I disagree with the focus of your argument because I actually think the current trajectory of faster AC charging is a rabbit hole in waiting: Beyond vanity I see no credible case for having rapid charging installed in every house because cars are not programmed to become emotionally bored when left to charge while their owners rest: Our rest (dinner, sleep, shower, etc.) probably translates into >10 hours for undisturbed car charging. It has been explained to me that drawing on 1 phase to charge a car in the EU would take a long time, but 10 hours is a long time. Some owners of big EVs will cry foul, but if someone can afford a big EV then they can afford a big charger to go with it: The socially more significant priority is the public benefit of rapid charging on-route in the exact same places where we have petrol stations, toilets, and coffee shops (where we are accustomed to stopping ~20 minutes). If charging networks provided a public benefit then nobody would actually need to trickle charge over an hour at destinations because there would be a working rapid within 2 miles.

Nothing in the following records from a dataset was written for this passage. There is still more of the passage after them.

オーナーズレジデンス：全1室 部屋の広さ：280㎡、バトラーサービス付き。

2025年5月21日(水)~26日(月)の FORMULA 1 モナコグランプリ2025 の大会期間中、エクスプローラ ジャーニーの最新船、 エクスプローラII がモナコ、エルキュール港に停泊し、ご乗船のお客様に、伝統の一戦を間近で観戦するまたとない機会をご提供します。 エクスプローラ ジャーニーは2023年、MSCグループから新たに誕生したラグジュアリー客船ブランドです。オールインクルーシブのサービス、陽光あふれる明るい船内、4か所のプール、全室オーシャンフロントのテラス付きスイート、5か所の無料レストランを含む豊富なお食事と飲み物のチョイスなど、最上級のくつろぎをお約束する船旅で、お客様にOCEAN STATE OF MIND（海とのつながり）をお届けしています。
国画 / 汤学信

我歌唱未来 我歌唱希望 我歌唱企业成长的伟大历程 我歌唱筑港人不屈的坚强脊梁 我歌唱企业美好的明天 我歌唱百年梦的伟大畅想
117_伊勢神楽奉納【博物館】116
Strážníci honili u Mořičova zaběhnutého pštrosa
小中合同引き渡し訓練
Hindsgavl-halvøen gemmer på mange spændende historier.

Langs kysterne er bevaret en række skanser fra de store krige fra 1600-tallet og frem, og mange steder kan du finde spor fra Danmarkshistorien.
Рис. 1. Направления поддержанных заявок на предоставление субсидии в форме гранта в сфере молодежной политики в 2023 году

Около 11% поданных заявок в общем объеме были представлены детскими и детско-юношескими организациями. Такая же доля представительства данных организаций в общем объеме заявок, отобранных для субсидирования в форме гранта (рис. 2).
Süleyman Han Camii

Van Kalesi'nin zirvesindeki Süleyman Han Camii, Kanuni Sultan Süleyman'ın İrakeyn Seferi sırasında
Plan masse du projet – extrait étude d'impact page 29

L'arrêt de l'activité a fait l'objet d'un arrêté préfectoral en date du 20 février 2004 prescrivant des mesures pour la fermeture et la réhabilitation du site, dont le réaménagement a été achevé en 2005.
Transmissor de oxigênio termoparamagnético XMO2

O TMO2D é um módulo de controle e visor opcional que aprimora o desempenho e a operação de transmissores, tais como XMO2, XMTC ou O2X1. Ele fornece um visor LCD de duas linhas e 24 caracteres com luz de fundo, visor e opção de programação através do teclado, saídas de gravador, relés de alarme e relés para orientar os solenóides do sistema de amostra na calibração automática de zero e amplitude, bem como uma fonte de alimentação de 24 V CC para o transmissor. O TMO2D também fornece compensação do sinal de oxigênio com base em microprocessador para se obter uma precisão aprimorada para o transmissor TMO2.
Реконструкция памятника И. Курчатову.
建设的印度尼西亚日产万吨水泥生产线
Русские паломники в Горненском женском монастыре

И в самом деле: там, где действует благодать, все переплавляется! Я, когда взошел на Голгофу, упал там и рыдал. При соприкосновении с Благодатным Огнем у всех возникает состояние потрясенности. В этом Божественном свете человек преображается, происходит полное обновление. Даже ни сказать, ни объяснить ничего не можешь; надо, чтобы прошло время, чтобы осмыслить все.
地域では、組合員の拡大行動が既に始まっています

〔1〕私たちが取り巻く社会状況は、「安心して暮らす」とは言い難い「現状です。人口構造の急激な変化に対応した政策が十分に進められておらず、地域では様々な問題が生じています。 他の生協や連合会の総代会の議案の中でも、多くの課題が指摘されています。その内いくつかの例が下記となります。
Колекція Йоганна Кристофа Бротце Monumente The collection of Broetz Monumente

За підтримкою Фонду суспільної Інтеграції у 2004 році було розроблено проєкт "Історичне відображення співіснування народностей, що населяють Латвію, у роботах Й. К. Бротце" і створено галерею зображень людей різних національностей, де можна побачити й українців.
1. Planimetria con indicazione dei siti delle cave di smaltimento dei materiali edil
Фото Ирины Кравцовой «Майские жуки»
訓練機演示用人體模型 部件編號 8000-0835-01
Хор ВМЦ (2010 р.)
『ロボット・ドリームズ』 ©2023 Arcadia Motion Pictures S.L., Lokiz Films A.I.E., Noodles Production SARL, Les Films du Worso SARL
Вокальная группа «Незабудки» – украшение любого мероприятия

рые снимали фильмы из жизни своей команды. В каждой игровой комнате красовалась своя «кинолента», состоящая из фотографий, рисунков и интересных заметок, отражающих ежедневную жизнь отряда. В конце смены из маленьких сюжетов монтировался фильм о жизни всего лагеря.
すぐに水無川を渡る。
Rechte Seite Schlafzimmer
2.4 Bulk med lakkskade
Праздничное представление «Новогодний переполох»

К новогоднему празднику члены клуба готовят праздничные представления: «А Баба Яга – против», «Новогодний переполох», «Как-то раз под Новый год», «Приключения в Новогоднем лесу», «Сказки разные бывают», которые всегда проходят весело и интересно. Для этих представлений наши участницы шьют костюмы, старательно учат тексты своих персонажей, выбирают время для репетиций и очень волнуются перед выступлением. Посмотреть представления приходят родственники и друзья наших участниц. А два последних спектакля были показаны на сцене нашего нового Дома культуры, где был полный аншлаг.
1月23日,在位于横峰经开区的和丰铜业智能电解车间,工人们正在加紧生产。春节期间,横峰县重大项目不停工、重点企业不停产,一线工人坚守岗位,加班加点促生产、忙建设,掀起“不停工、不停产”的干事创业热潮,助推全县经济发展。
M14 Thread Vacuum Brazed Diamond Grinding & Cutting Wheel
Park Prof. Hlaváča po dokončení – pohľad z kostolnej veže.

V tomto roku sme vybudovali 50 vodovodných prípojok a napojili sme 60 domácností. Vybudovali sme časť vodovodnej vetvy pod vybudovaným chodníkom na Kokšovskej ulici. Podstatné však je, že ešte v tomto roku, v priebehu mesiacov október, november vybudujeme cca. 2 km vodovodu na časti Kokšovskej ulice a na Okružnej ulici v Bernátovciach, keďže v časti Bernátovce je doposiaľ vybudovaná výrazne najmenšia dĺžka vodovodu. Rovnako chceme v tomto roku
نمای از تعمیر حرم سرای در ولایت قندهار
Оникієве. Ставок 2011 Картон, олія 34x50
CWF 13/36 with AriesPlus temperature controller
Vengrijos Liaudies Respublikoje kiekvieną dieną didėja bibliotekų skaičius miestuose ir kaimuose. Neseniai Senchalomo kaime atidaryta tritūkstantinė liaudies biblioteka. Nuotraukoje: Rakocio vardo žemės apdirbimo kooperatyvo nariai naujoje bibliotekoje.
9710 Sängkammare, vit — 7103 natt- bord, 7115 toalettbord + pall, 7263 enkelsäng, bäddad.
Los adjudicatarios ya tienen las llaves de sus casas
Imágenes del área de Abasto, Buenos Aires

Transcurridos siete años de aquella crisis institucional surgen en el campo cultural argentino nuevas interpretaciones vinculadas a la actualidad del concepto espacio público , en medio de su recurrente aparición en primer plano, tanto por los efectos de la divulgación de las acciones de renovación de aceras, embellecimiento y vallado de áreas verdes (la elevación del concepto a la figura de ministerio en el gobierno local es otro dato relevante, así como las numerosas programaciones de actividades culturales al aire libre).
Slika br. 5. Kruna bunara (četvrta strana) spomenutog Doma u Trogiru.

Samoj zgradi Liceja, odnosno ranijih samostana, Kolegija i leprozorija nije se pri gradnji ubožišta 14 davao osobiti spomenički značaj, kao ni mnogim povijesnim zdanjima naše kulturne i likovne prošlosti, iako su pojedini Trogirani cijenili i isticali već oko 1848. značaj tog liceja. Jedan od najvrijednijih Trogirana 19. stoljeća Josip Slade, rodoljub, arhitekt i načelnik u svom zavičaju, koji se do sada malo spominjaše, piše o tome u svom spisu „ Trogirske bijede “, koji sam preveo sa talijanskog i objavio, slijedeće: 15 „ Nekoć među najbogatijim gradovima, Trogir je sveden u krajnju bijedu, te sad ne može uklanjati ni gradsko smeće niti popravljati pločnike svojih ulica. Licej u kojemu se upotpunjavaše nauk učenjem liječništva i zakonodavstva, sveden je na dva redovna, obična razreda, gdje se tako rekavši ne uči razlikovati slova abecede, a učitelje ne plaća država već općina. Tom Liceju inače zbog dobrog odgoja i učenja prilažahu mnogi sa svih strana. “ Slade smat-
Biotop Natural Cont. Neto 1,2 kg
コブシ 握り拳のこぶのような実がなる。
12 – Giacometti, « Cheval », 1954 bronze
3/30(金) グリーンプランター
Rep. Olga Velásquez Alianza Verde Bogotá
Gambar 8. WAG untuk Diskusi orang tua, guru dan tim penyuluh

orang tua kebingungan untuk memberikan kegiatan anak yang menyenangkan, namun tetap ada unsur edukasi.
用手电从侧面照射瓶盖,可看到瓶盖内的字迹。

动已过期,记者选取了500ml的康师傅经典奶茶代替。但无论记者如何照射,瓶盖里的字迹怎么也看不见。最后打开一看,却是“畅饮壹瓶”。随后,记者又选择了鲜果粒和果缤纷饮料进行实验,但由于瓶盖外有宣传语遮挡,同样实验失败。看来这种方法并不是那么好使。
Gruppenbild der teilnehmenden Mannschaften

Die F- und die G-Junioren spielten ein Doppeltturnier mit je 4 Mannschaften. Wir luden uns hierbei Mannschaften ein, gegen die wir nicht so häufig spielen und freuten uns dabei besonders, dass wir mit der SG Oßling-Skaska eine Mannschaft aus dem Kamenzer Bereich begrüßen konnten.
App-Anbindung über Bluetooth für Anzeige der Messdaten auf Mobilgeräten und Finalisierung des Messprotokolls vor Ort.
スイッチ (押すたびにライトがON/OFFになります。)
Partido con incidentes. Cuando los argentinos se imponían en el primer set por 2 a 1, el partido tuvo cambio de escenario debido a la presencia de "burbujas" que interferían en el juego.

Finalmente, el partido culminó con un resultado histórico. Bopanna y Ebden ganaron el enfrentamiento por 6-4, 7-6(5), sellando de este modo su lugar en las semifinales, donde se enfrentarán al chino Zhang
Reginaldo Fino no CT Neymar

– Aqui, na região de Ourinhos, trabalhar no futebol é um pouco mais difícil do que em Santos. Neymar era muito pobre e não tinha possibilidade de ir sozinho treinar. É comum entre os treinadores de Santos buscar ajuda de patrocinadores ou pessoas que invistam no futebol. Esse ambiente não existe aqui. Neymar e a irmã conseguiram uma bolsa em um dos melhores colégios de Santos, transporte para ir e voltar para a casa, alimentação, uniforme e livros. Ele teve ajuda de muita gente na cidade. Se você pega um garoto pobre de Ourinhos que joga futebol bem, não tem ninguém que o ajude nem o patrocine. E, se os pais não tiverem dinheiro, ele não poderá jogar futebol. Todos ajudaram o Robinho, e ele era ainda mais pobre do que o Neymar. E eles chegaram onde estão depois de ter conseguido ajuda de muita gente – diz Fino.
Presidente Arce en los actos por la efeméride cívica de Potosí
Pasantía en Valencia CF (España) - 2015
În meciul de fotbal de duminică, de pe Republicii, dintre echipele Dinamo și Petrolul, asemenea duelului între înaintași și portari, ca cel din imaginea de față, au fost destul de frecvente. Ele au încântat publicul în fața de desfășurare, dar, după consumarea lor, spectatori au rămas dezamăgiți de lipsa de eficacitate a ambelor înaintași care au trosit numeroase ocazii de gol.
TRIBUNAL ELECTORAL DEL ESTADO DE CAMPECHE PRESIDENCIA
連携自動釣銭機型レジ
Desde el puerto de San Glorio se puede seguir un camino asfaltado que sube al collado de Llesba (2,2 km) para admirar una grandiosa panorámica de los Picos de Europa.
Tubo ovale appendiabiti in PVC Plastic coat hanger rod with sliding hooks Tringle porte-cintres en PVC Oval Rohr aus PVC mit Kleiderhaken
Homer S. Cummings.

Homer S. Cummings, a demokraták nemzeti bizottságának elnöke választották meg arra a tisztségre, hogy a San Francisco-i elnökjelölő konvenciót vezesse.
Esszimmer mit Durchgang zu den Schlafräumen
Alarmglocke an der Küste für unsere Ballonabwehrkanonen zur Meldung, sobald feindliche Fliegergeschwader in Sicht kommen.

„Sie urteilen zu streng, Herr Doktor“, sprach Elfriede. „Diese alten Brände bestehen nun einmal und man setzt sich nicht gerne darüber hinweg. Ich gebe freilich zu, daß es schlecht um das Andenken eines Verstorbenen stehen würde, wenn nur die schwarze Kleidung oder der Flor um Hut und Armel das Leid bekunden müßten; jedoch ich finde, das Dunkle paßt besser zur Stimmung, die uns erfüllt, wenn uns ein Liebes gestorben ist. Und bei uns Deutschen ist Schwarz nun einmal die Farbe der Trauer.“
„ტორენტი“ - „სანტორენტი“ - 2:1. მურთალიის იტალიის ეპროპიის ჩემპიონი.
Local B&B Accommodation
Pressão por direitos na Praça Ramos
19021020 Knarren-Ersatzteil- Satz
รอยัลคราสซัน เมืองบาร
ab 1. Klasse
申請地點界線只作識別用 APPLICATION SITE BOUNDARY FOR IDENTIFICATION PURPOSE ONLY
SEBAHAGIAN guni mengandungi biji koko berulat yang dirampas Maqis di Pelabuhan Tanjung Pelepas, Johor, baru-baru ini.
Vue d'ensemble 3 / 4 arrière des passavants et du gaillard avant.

I disagree with your assertion that DC charging a car is inherently bad, and it strikes me as hypocritical of you to take such a position given your (unspecified) defence of CCS. EV networks have had a decade to maintain working rapid DC charging points near every petrol station, they have failed, and we have let them off the hook by being customers bickering over, or customers confused by, the various charging standards. God forbid any body be divisive enough to release a CCS1 and a CCS2... oh, too late! :(

Overall though I view arguments over Type 1 or Type 2, and CHAdeMO or CCS1 or CCS2, and GB/T or CHAdeMO-compatible Tesla, as red herrings. I don't really care, except that there needs to be a very good reason to drop a standard that is already in play because interoperability across the network (of which we are all a part) is necessary for advancement, while dividing the network into competing groups disrupts progress. Unlike the seatbelt competition that started in 1959 and ended with Volvo benevolently saving lives in all cars, or the 1980s Betamax/VHS fair market competition, our current EV plug differences are the product of career policy makers and wealthy lobbying groups strategising for their trading bloc's geopolitical influence instead of helping EV buyers cut emissions and save the planet.

We need to stop playing musical chairs and instead maintain a static cohesive network.

BS1363/Schuko compatible garden socket on every home, and a CHAdeMO with contactless payment within 2 miles of every home, would be a lot cheaper and a lot more effective than the incompatible muddle of sparsely distributed broken chargers we currently have. This is not an anti-EU rant: It is instead acknowledgement of the negative consequences of misguided EU policy interventions.

Furthermore, there is a very real benefit to adopting and endorsing a global standard led by volume sales without politicised market protectionism because vehicles cross borders (even if just for an initial sale). If you travel to geopolitically weaker states today you will observe inside ordinary homes the multitudes of incompatible plugs and sockets spanning centuries of competing standards (often with burned edges and other signs of overheating) because those regions unfortunately sit between the boundaries of geopolitical heavyweights: Those regions reuse old standard and import the widest muddle of new standards for use on their one domestic supply. Following on from the EU's mission (linked above), the EU's achieved differences will manifest as increased complexity in geopolitically weaker regions for hundreds of years. Designing new standards is blind vanity that inflicts avoidable complexity and economic deprivation on the planet, and who pays to fix that? The UN, the IMF?